Combustion: Combustion research involves tracking numerous species of molecules through complex chemical reaction networks. Tracking the flame front helps researchers better understand the properties required for efficient combustion. However, the definition of the flame front is ambiguous in practice -- it is identified by a complex set of criteria. DEX is able to use the FastBit infrastructure to rapidly select and visualize the subset of the data that defines the flame front. The region growing and color labels enable the researcher to visually identify and track distinct flame fronts through multiple timesteps of the dataset.
Astrophysics: Like the combustion research datasets, astrophysics data can often involve many fields for each gridpoint. For example, simulations of stellar phenomena like supernovae require the tracking of mass fractions for many different chemical species, radiation emission and absorption profiles for radiation transport, baryonic densities, and all of the typical fluid dynamics properties (eg. pressure, temperature, flow vectors). The DEX tool allows researchers to make sense of the complex relationships between different fields in the data using query-based exploration methods. The 3D viewing interface provides all of the advantages of typical interactive visualization tool approaches, but the FastBit query mechanism ensures that even large datasets can be explored at interactive rates via the accelerated searches.
Adaptive Mesh Refinement (AMR) Dataset: Many research codes involve hierarchical block-structured adaptive mesh refinement methods. Examples include combustion researchers like CCSE (http://hpcrd.lbl.gov/html/CCSE.html) and broader framework building efforts like SciDAC APDEC (http://davis.lbl.gov/APDEC/). The cell-based representation employed by DEX for the 3D visualization is amenable to the AMR data, but considerable work is still required to make sense of AMR file formats and to encode bitmap indices for hierarchical multiresolution data where refined regions overlap valid data points in the coarser levels of the hierarchy.

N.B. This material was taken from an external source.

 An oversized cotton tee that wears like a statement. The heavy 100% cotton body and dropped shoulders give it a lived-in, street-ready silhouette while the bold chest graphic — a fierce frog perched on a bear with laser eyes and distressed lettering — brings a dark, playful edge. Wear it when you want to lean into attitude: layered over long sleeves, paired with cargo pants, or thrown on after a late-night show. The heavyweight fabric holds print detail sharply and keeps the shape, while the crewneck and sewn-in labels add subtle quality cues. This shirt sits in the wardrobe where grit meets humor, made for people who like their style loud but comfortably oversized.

Multi-resolution/Level-of-Detail Support: Many of the selections return results that contain details that are fall too small to be viewed on a typical desktop display. Indeed, a poorly posed query can easily end up selecting the entire dataset -- thereby exhausting the memory capacity of the workstation. It is therefore desireable to support a multi-resolution encoding of the bitmap indices that can return selections at varying levels of resolution depending on the viewing resolution and on workstation capabilities. As the DEX viewer is used to zoom in on a particular subset of the data, the fastbit selection mechanism can be modified to support selection criteria that include both spatial (Region of Interest) information and resolution (Level of Detail) information. The displayed data will be progressively refined as the user zooms in on a particular region of interest.

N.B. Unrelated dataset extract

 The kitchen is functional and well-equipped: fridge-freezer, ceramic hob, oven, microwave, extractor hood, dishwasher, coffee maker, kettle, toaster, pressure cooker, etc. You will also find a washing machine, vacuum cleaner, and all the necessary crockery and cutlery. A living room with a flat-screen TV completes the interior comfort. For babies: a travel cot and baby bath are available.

Applying Visualization Algorithms to Selected Data: Currently the DEX tool simply draws the cells that were selected by the query and colorizes them according to their region label (cells in the same region are drawn the same color). It is desirable to apply some traditional visualization algorithms like slicing, isosurfaces, and particle advectors to the selected data. The next iteration of the DEX tool will begin to expose additional visualization algorithms that can be applied to the subsetted data.